Material IP definition

Material IP means any Intellectual Property that is material to the conduct of the business of the Borrower and its Restricted Subsidiaries, taken as a whole.
Material IP means the intellectual property rights that are (i) material (individually or in the aggregate) to the business of Holdings or any of its Restricted Subsidiaries and (ii) owned by Holdings or any of its Subsidiaries.
Material IP means intellectual property owned by the Loan Parties that, if disposed, would reasonably be expected to result in a Material Adverse Effect.

Examples of Material IP in a sentence

  • Notwithstanding the foregoing, the Borrower will not designate any Restricted Subsidiary that owns Material IP as an Unrestricted Subsidiary.

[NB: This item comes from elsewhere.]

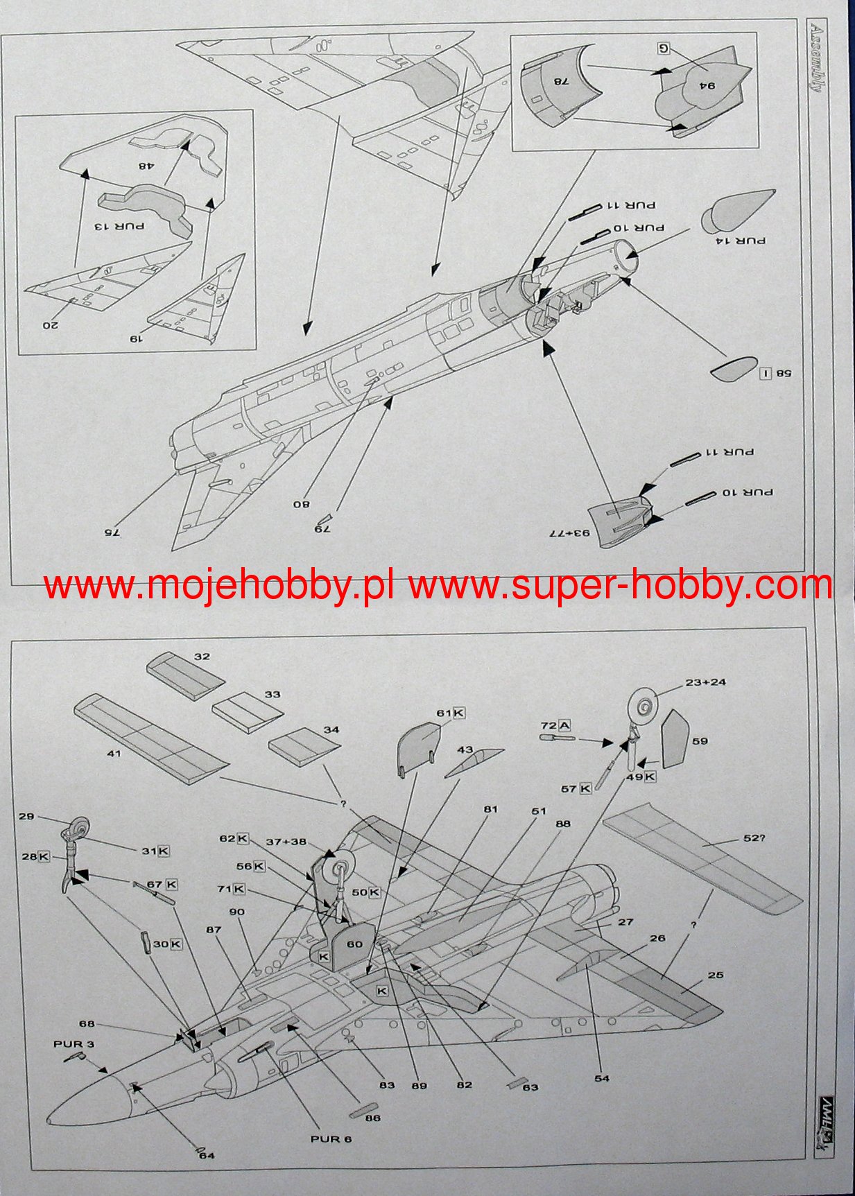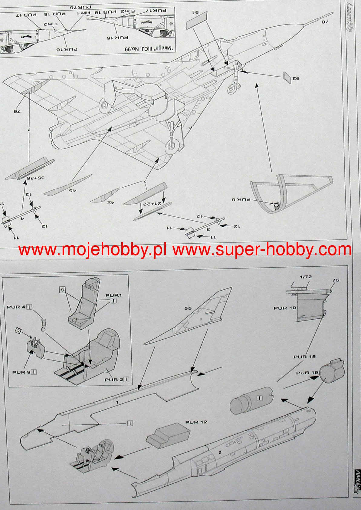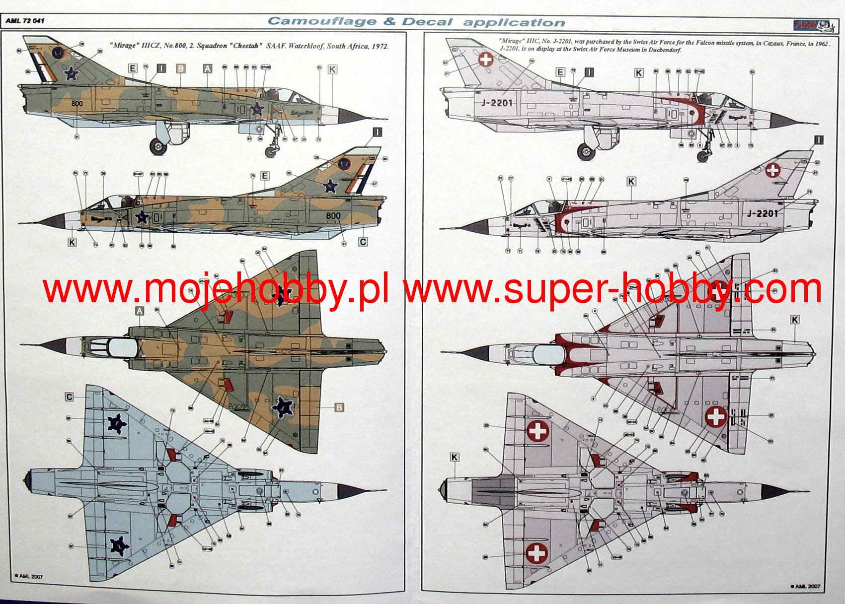 Dassault Mirage III/5/50 to francuski, jednosilnikowy samolot myliwsko-szturmowy z płatem w układzie delta, bez usterzenia poziomego. Pod koniec 1955 roku firma Dassault przystšpiła do budowy pojedynczego prototypu, w którym zachowano skrzydło delta połšczone z powiększonym kadłubem mogšcym pomiecić jeden silnik SNECMA Atar 101G1. Powstały w ten sposób Mirage III-001 został oblatany 17 listopada 1956 roku, by już po dwóch miesišcach osišgać w locie prędkoć 1,52Ma. Zastosowanie ręcznie sterowanych stożków w stałych wlotach bocznych oraz silnika Atar 101G2 o cišgu zwiększonym do 4490kg, pozwoliło zwiększyć prędkoć do 1,65Ma, a póniej przez użycie rakietowego przypieszacza SERP - do 1,8Ma. By uzyskać jak największš prędkoć Dassault zmodyfikował skrzydło i po pierwszym oblocie 12 maja 1958 roku Mirage IIIA osišgnšł z dodatkowym silnikiem rakietowym prędkoć 2,2Ma. Doprowadziło to do uruchomienia produkcji dwumiejscowej wersji treningowej z miejscami w tandem Mirage IIIB i jednomiejscowego myliwca przechwytujšcego Mirage IIIC. Ta ostatnia wersja miała zabudowany radar Cyrano AI, a dwa działka kalibru 30mm mogły być wspierane przez pociski rakietowe klasy powietrze-powietrze Matra R.530 lub AIM-9 Sidewinder. Następnš ważnš wersjš był myliwsko-bombowy Mirage IIIE dalekiego zasięgu, z silnikiem Atar 9C zabudowanym w nieco przedłużonym kadłubie. Wersja ta miała zabudowany radar Cyrano II, który w połšczeniu z radarem Dopplera i układem nawigacyjnym TACAN pozwalał przeprowadzić atak na małej wysokoci bez widzialnoci celu w każdych warunkach atmosferycznych. Programy modyfikacyjne Mirage III ( oraz pochodnych V i 50 ) zawierajš zabudowę nowoczesnych układów nawigacyjnych, sterowania uzbrojeniem i przystosowania do nowoczesnych typów uzbrojenia. Drugim obszarem modyfikacji jest zabudowa silników Atar 9K-50 o cišgu większym o około 20%, przystosowanie do scentralizowanego tankowania pod cinieniem i uzupełniania paliwa w czasie lotu, zabudowa foteli katapultowych klasy zero-zero, polepszenie widzialnoci z kabiny, instalacja przednich powierzchni sterowych podnoszšcych manewrowoć w walce powietrznej, przystosowanie do przenoszenia zasobników np. do walki elektronicznej, laserowego oznaczania celów, rozpoznania czy zobrazowania celów w podczerwieni. Dane techniczne (wersja IIIC): długoć: 14,77m, rozpiętoć skrzydeł: 8,22m, wysokoć: 4,25m, prędkoć maksymalna: 2,2Ma, prędkoć wznoszenia: 83m/s, zasięg maksymalny (ze zbiornikami dodatkowymi): 4000km, pułap maksymalny 17000m, uzbrojenie: stałe-dwa działka DEFA 552 kal.30mm, podwieszane (Mirage 5)-do 4200 kg ładunku. Co oprócz modelu będę potrzebować do jego sklejenia?

  • Notwithstanding anything to the contrary, none of the Borrower Parties shall transfer (including by way of an exclusive license) any Material IP to an Unrestricted Subsidiary (or in the case of any Material IP owned by any Loan Party to any Non-Loan Party); provided that the foregoing shall not restrict any Borrower Party from entering into any non-exclusive license of Material IP in the ordinary course of business.

  • To the extent any of the Material IP Rights were authored, developed, conceived or created, in whole or in part, for or on behalf of the Borrower or any Subsidiary by any Person, then the Borrower or such Subsidiary has entered into a written agreement with such Person in which such Person has assigned all right, title and interest in and to such Material IP Rights to the Borrower or such Subsidiary.

  • Except as disclosed in Schedule 5.20, no claim or litigation regarding any of the Material IP Rights is pending or, to the Borrower’s knowledge, threatened, which, either individually or in the aggregate, could reasonably be expected to have a Material Adverse Effect.

  • To the knowledge of each Pledgor, there is no violation, misappropriation, dilution or infringement by others of any right of such Pledgor with respect to any Material IP Collateral, except where such violation, misappropriation, dilution or infringement, individually or in the aggregate, could not reasonably be expected to result in a Material Adverse Effect.


More Definitions of Material IP

Material IP means the IP Rights that are material (individually or in the aggregate) to the business and operations of the Borrower and its Subsidiaries (taken as a whole) as reasonably determined by the Borrower.
Material IP means all Intellectual Property material to the business of the Company and its Subsidiaries, taken as a whole, whether currently owned or licensed, or acquired, developed or otherwise licensed or obtained after the date hereof.
Material IP means, as of any date of determination, Intellectual Property of the Loan Parties that, individually or in the aggregate, is necessary in or material to the conduct of the business of the Parent and its Subsidiaries, taken as a whole.
Material IP has the meaning given in Section 5.15.
Material IP means, collectively, Patents covering or claiming Materials and Know-How pertaining specifically to Materials which, in each case (a) exist as of the date such Materials are transferred as provided in Section 2.6, or (b) are conceived by the "transferring Party" (as defined in Section 2.6.1) prior to its transfer of such Materials to the other Party as provided in Section 2.6.
Material IP means Intellectual Property (other than customer lists) owned by the Parent Borrower and its Restricted Subsidiaries that is material to the business of the Parent Borrower and its Restricted Subsidiaries, taken as a whole, as determined by the Parent Borrower in good faith.
Material IP means all material Intellectual Property of each Credit Party reasonably necessary for each of them to conduct its business as currently conducted or with a fair market value in excess of $500,000 (other than non-exclusive licenses for off-the-shelf software, and other non-exclusive licenses in intellectual property, in each case, obtained in the ordinary course of business).